Orioles reporters Eduardo Encina and Peter Schmuck talk about the Orioles adding free-agent pitcher Chris Tillman and outfielder Alex Presley. (Lloyd Fox, Baltimore Sun video)

Let's be honest. This is where Chris Tillman needed to be all along.

For all the speculation about the Twins and Tigers and whoever, there was never a good reason for him to go anywhere else.


Major league or minor league deal? Who cares. Base salary of $2 million or $4 million. So what?

Tillman reportedly agreed to a one-year deal with the reported base salary of $3 million and a raft of incentives, which is right in the middle of the range of the projections that have been floating around for weeks. The deal will be officially announced soon.


The 30-year-old right-hander has agreed to terms on a contract that would give him the opportunity to re-establish his worth as a rotation stalwart.

The bottom line, however, is this. He needed to be here because the Orioles know him and the Orioles owe him. He's been their best pitcher during the Buck Showalter/Dan Duquette era and that only means something if he attempts to made his comeback from last year's dismal performance right here.

Everything has pointed in this direction. He has been working out at the Ed Smith Stadium spring training complex for a big chunk of the offseason. He was here right up until he wasn't allowed to be, dropping out of sight as soon as pitchers and catchers had to officially report to camp.

He worked out for the Tigers the other day and reportedly was offered a minor league deal. He ultimately got a major league deal from the Orioles, but it shouldn't have mattered if it were the other way around.

Orioles pitchers Dylan Bundy and Kevin Gausman react to the signing of veteran pitcher Chris Tillman. (Lloyd Fox, Baltimore Sun video)

This is where he has the best chance to get the best look. This is where he will start the season projected in the starting rotation. This is where he doesn't have to explain himself every day to the media, since he did all that last year.

The money never should have been an issue because it's chicken feed in comparison to what he'll realize if he bounces back and has a season like he did in 2016.

It's unfortunate for him that everything unraveled during his free agent walk year. He was going to be one of those guys holding out for huge contracts. Instead, he came up with a balky shoulder in December of 2016, fell out of his routine and was totally out of sync when he returned to the rotation.

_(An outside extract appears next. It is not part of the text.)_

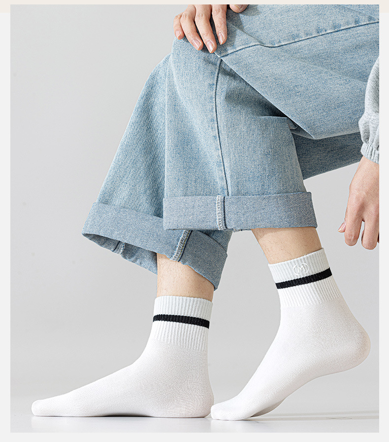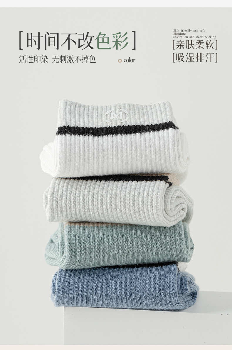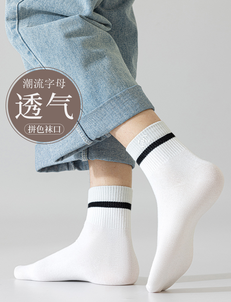 봄과 여름 새로운 줄무늬 양말 남성용 문자 중간 종아리 양말 편안한 통기성 스포츠 양말에 트렌디 한면 양말 Zhuji 양말스토어 가기

Now he has a chance to get off to a fresh start, though it would have been better if he and the O's had figured this out in time for him to open spring training with the rest of the pitching staff last week.

That should not be a big deal, since he only missed a couple of bullpen sessions and he obviously was throwing elsewhere, but major league pitchers are all about routine.

A lot has changed over the past few days. The Orioles now have four experienced major league starters instead of two, which significantly improves their chances of being competitive during a 2018 season that obviously wasn't looking very good.

There is no guarantee that Tillman engineers a dramatic turnaround, but he passed his physical and he has the potential to gravitate back to the top of the rotation.

The O's also are hoping that newly signed Andrew Cashner will pick up where he left off after his solid first season pitching in the American League.

Baseball operations chief Dan Duquette still needs to stay engaged in the free agent market, which is finally shaking out. There may still be an opportunity to get another decent starter at a reasonable price, which would further allay concerns about the depth of the rotation.


Duquette confirmed soon after the Tillman deal broke that he's still in the market for one more veteran starter.

The O's also signed reserve outfielder Alex Presley on Monday, but that didn't move the needle much. Tillman's return, however, has a chance to make a huge difference if he can find his old self this spring.